Critics, however, questioned the study's controversial finding that there is almost no correlation between early family experience and adult sexual orientation, and the researchers' method of relying on participants' memories in answering researchers' questions.

"I expect to be condemned from both sides--by the radicals for even looking into the subject and by the analysts who may say we're trying to paint a glowing picture of homosexuality," Bell said. "But we are reporting what people say, and it's all very consistent."

Paul Robinson, writing in Psychology Today, said Bell and his co-authors answered the question of why some people become homosexuals while others become heterosexuals "more satisfactorily than any previous study."

"One finishes [the study] with the firm sense that much of the confusion about sexual identity has now been set aright," Robinson wrote. "Parents can safely rid themselves of the fear that their actions will somehow determine the sexual preference of their children, and psychotherapists can relax their fierce campaign to change adult sexual behavior by probing into early familial experiences."

Born in Newark, N.J., in 1932, Bell earned a bachelor's degree in philosophy from the University of the South in Sewanee, Tenn., in 1952. He received a master's from General Theological Seminary in New York in 1955, and as an Episcopal minister helped found a parish in Denville, N.J.
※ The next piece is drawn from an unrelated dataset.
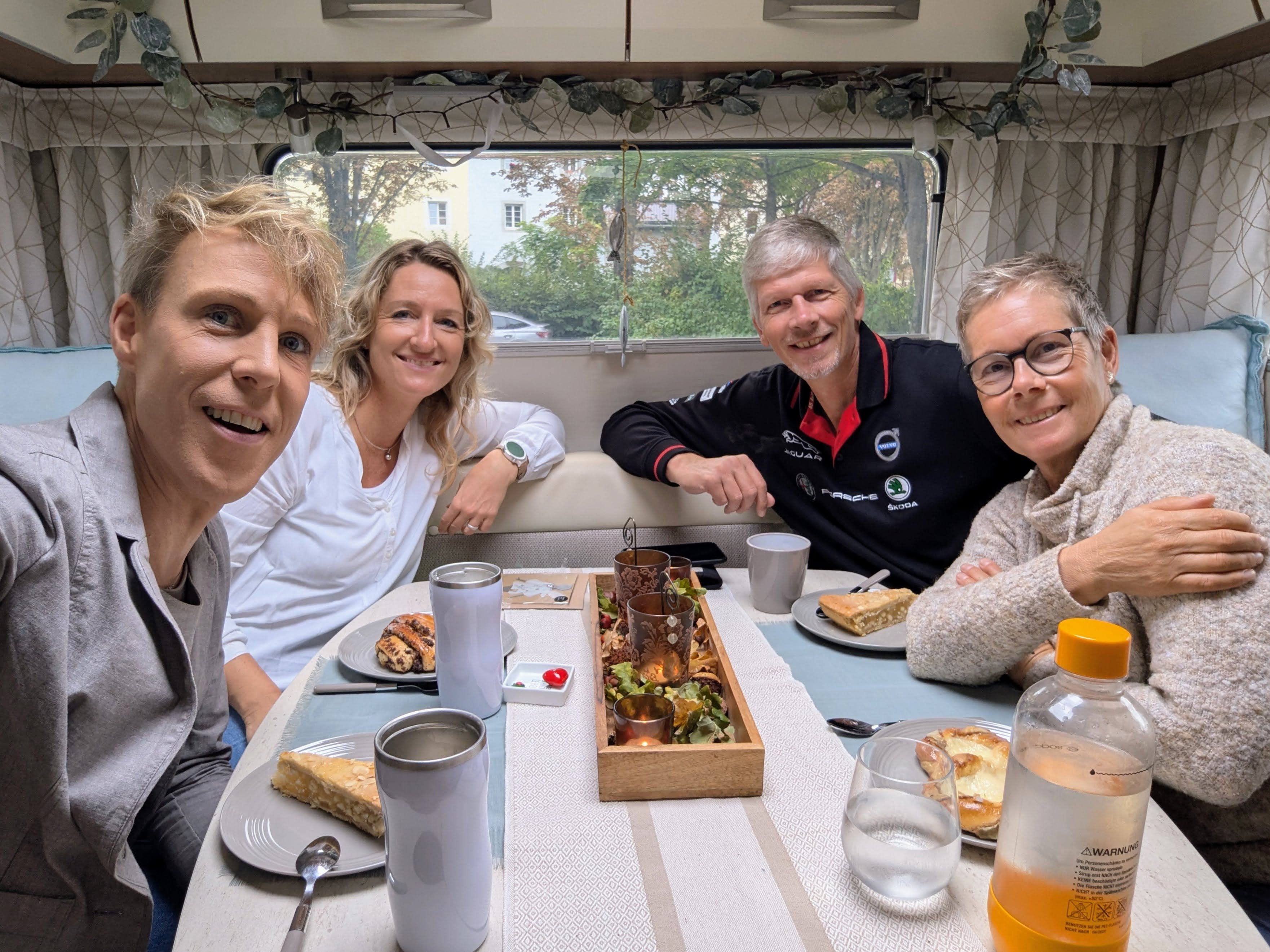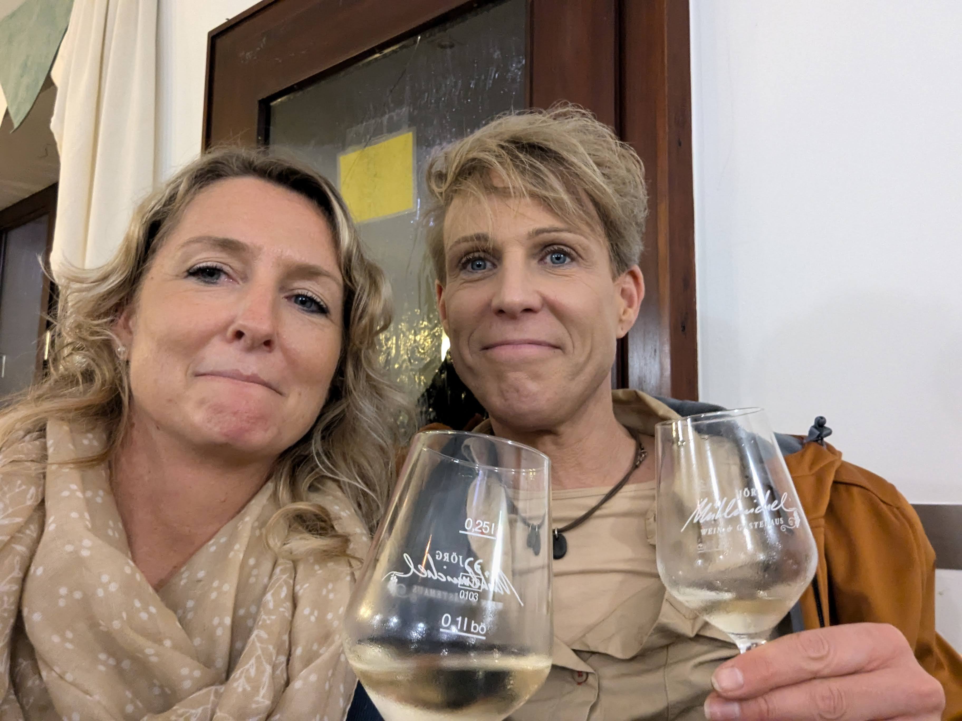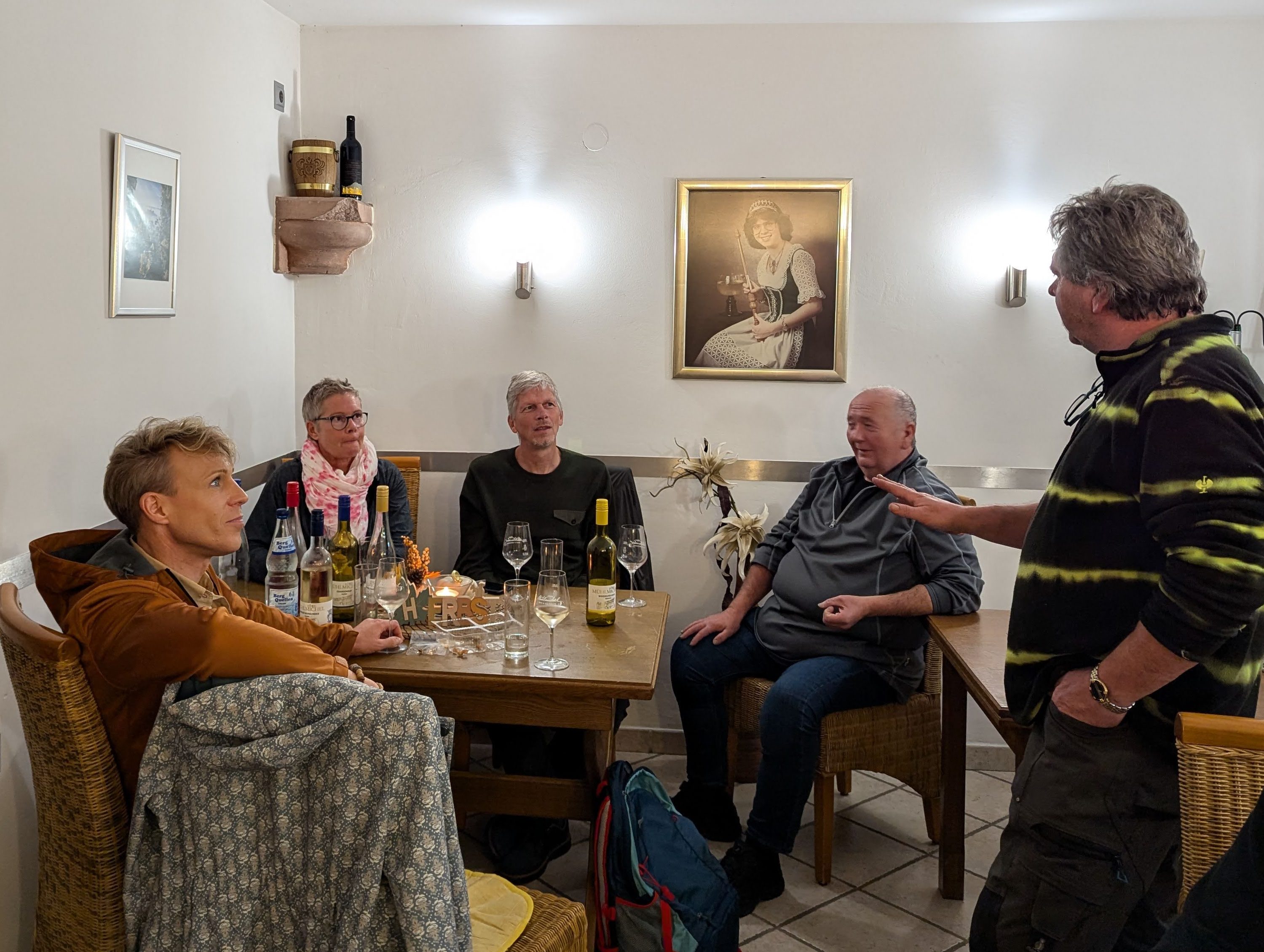 Am Dienstag starteten wir dann unabhängig voneinander und trafen uns am Nachmittag in Kirrweiler beim Weinhaus Zöller. Großer Vorteil hier: wir konnten kostenlos auf dem angegliederten „Landvergnügen-Stellplätzen“ stehen und Silke und Jens im Gästehaus der Familie Zöller ein Zimmer mieten. Gegen Abend hatten wir einen Tisch in der Weinstube reserviert.

Bell obtained a doctoral degree in counseling from Columbia University in New York in 1964. During his doctoral internship at the Veterans Administration hospital in Northport, N.Y., he became interested in the dreams of a sex offender with whom he did extensive work. The result was the book "The Personality of a Child Molester," co-written with Calvin Hall.

In 1967, Bell became an assistant professor at Indiana University and senior research psychologist at the Kinsey Institute. He also served as a vice president of the institute for 12 years.

While at Kinsey, he was senior author of "Sexual Preference: Its Development in Men and Women" and another landmark publication, "Homosexualities: A Study of Diversity Among Men and Women."

In 1970, Bell co-founded the university's Center for Human Growth, which is a departmental training site for graduate students in counseling and offers therapy for campus and community clients.

A charter member of the International Academy of Sex Research, Bell was the author of several books, including "Human Sexuality: Studies From the Kinsey Institute" and "The Mind and Heart in Human Sexual Behavior."

After retiring from Indiana University in 1997, Bell continued his private practice in psychotherapy.

He is survived by his second wife, Shirley; a son, the noted violinist Joshua Bell of New York City; three daughters, Terry Milazzo of Bow, N.H., Toby Gill of Indianapolis and Rachel Bell of Chicago; a sister, Patricia Kirkwood of Montclair, N.J.; and four grandchildren.